I think it's fitting that the first of these entries correlate to the first page in my shamelessly effeminate red notebook. The topic addressed on this page was the very first question I found myself with a desperate need to have answered: just what the hell is cake flour, and why does this recipe (for an old-fashioned Vanilla Bean Cake) call for it?

To answer this, we have to first look at the role of flour in the baking process. Of a cake, that is; breads are another Hub. Every ingredient in a cake has a specific function, which can be classified into one of the following general areas: structure, tenderness, moisture, leavening, and flavoring, most of which have some overlap. Moreover, you'll find that almost all cakes share the following core ingredients: flour, eggs, sugar, fat (butter, shortening, oil), salt, milk, chemical leavening, and flavorings. For now, let's focus on the wonders of flour.

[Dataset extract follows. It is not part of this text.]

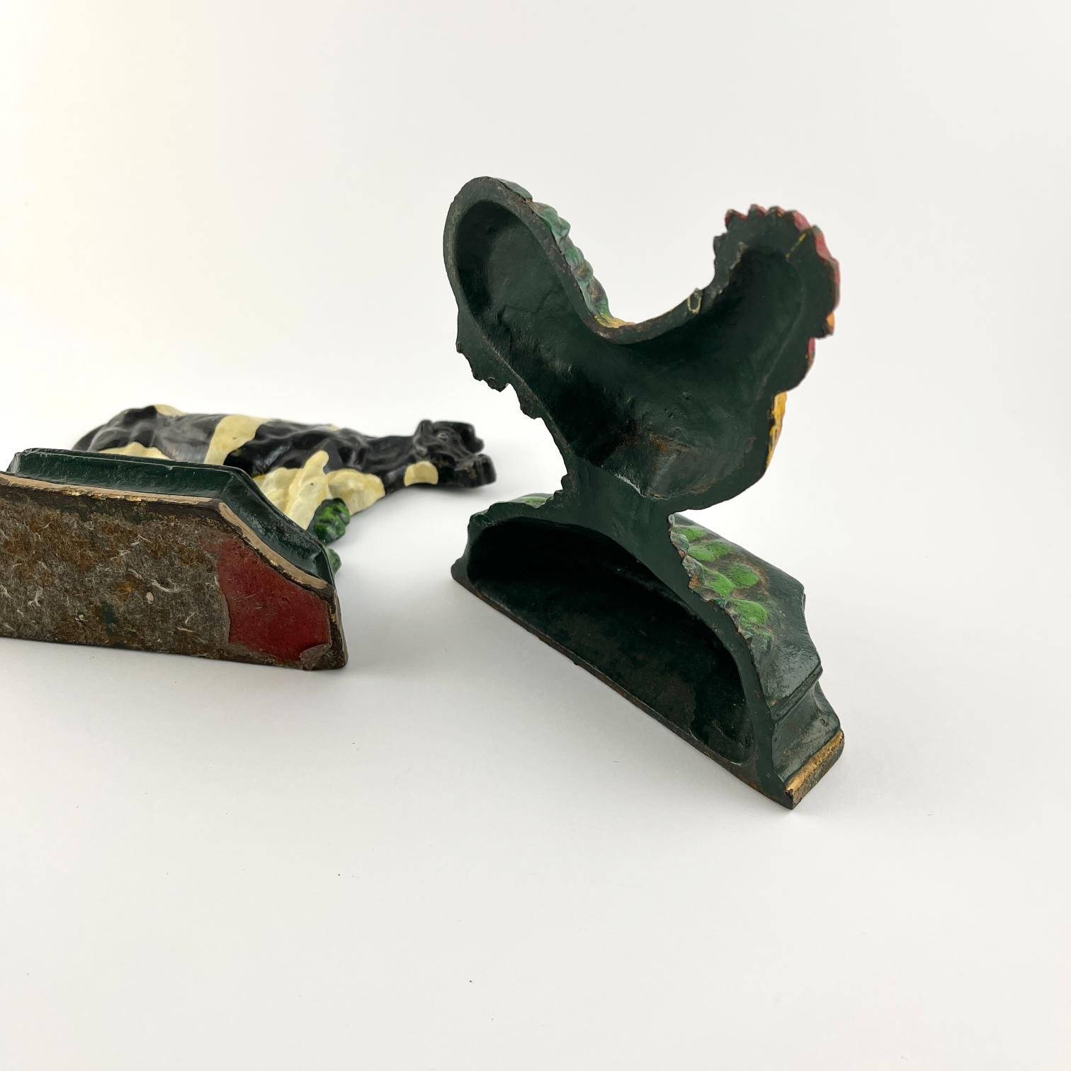 Par de sujetalibros en hierro fundido y policromado. «Animales de campo.» Alto 13,5 cm.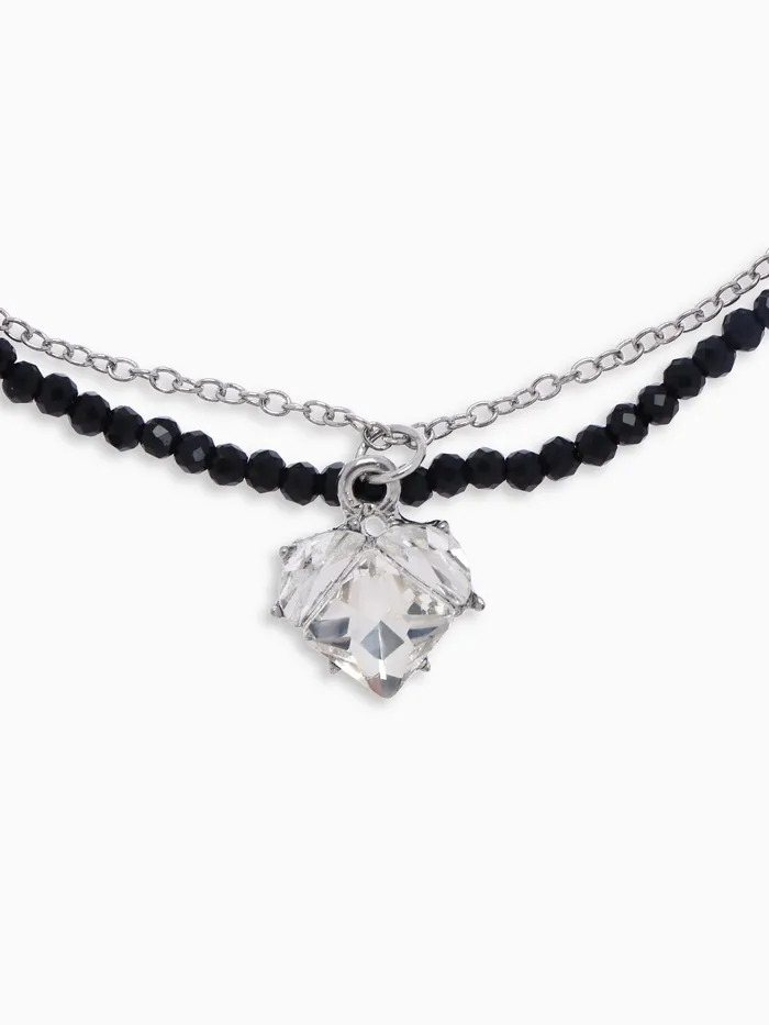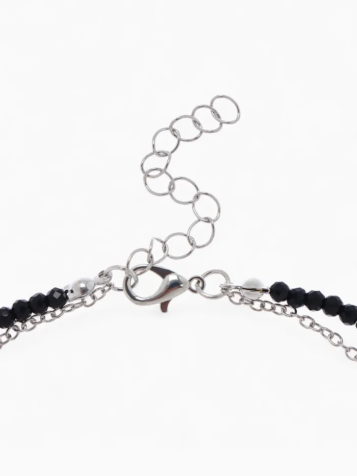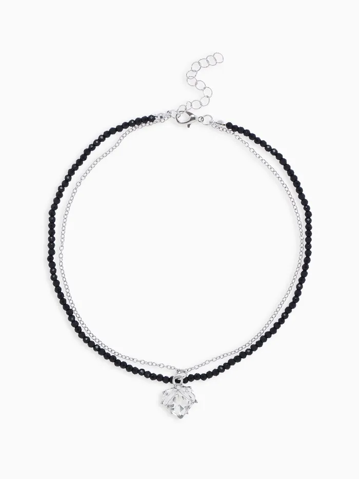 Колье из бисера «Сердце», двойной ряд, чёрно-белое в серебре — Характеристики

To understand the role flour plays in cake baking is to understand what flour is. In standard definition, a flour is a finely ground powder made of pulverized cereal grains. Wheat flour, as opposed to rye or maize flours (¡arriba, Hispanos!), is the common, commercially used variation we use in the production of most baked goods. Now, wheat is a multi-tasker, as most of the core ingredients are, with regards to the general categories of function defined earlier. Flour's main function in a cake is in providing rigidity to its structure. The hand it plays in structure also sticks itself in the areas of tenderness, moisture, and even leavening (and flavoring, if you feel the need to add a few pounds of raw flour to your cake).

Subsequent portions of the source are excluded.